Pesticides are one of the main contributors to water pollution, with over 4,000,000 tons of pesticides used annually worldwide. The toxic chemicals in pesticides can contaminate water systems through runoff, erosion, or leaching, causing toxic effects on aquatic life, wildlife, and humans. Pesticides can also increase the concentration of heavy metals in the soil, which can negatively impact plants and find their way into water resources.

Fertilizers are another major contributor to water pollution in agriculture. Fertilizers have a high concentration of nutrients, specifically nitrogen and phosphorus, which are necessary for crop growth. However, when excess nitrogen and phosphorus from fertilizers and manure are not fully utilized by the plants, they can be washed off the soil during irrigation, rainfall, or snowmelt, polluting water resources. High levels of nitrogen and phosphorus can cause eutrophication of water bodies, leading to hypoxic "dead zones" that kill fish and decrease aquatic life. Additionally, excess nutrients can stimulate harmful algal blooms, disrupting wildlife and producing toxins harmful to humans.

To mitigate water pollution from pesticides and fertilizers, proper nutrient management practices are essential. Farmers can adopt techniques such as soil testing, crop-specific calibration, and timing applications to maximize nutrient uptake and minimize runoff. Implementing conservation practices, such as cover crops, field buffers, and conservation tillage, can also help reduce erosion and nutrient loss into waterways. Additionally, efficient irrigation schemes and establishing protection zones around water bodies can reduce the migration of pesticides and fertilizers into water resources.

Livestock and antibiotics

Livestock production accounts for 70% of all agricultural land and 30% of the planet's land surface. The use of antibiotics in livestock farming is an emerging environmental and human health concern. Antibiotics are used in agriculture as additives in animal food for growth stimulation or the treatment of infectious diseases. The intensive and excessive use of antibiotics, coupled with their presence in solid and liquid farming waste, has led to environmental risks and antibiotic resistance.

Antibiotics are released into the environment through various pathways, including human and animal waste streams. The antibiotics administered to animals are not fully metabolized and are discharged unchanged into water bodies, manure, or soils. This release of antibiotics into the environment contributes to antibiotic pollution, which has been linked to the emergence of antibiotic-resistant bacteria.

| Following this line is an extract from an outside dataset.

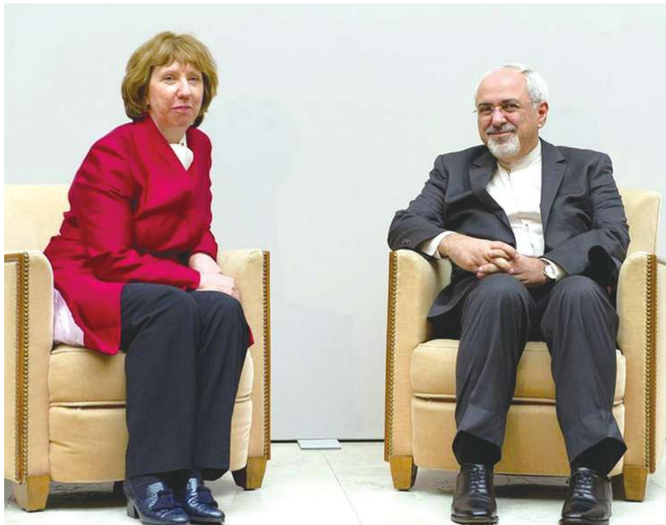
▲ 歐盟外交政策首長艾希頓，與伊朗外交部長查瑞夫表示，在談判過程獲得重大進展。

The presence of pathogenic bacteria and antibiotic-resistant bacteria in untreated or treated animal manure is a significant concern. When manure from livestock farming is applied to nearby agricultural fields, it can be flushed by heavy rainfall or runoff into water bodies used for human activities. This transfer of manure-borne antibiotics and bacteria into water sources poses risks to human health and the environment.

The use of antibiotics in livestock farming has been associated with the pollution of animal manures and agricultural soils by antibiotic residues. This pollution can lead to the multiplication of antibiotic-resistant pathogens, resulting in the rapid spread of infectious diseases in animals, plants, and humans. The impact of antibiotic resistance is a critical issue that requires attention and effective solutions.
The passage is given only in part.